• _What is expected_
Return only the lines below starting at the line containing "A一学級当たりの児童生徒数は 10.3 人で、前年度より 0.3 人増加している。" and ending at the line containing "主要由計算機/打印機、智能讀", both included, exactly as they are and with no pictures.

++++ Data extracts ++++

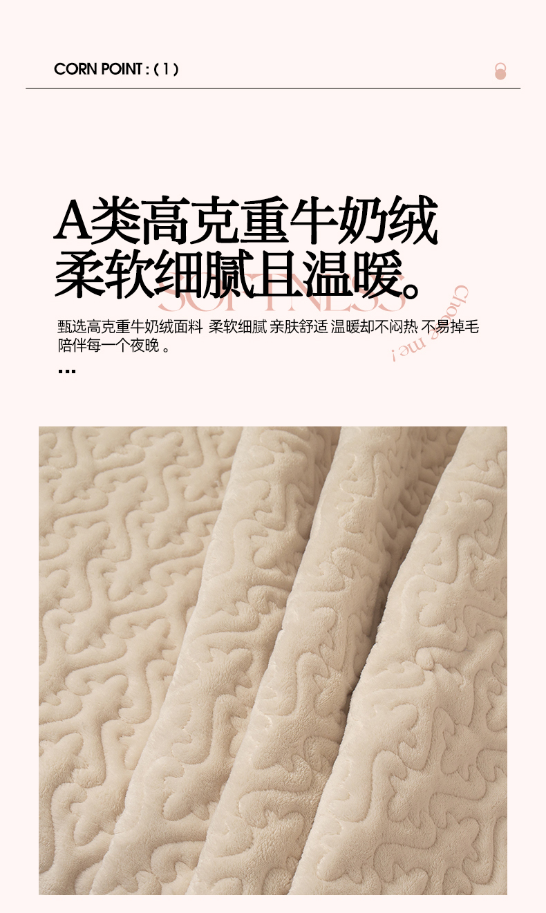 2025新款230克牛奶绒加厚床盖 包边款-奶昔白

++++
++++ Data extracts ++++

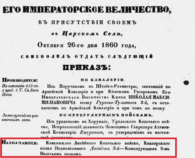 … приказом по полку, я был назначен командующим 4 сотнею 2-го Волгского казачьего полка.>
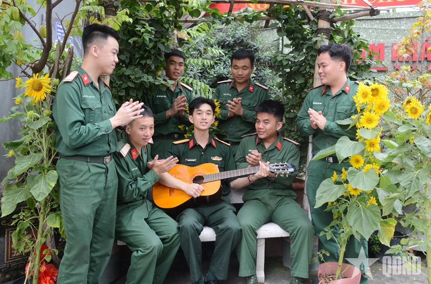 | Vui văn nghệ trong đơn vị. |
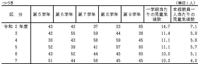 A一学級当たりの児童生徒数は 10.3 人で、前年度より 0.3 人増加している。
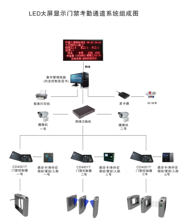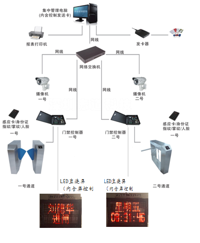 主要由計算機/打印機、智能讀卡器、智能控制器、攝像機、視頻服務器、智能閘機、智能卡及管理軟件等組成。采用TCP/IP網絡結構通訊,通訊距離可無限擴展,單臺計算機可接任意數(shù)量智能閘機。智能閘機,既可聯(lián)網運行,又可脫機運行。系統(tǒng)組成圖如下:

++++

• _Response box_
 A一学級当たりの児童生徒数は 10.3 人で、前年度より 0.3 人増加している。
 主要由計算機/打印機、智能讀卡器、智能控制器、攝像機、視頻服務器、智能閘機、智能卡及管理軟件等組成。采用TCP/IP網絡結構通訊,通訊距離可無限擴展,單臺計算機可接任意數(shù)量智能閘機。智能閘機,既可聯(lián)網運行,又可脫機運行。系統(tǒng)組成圖如下:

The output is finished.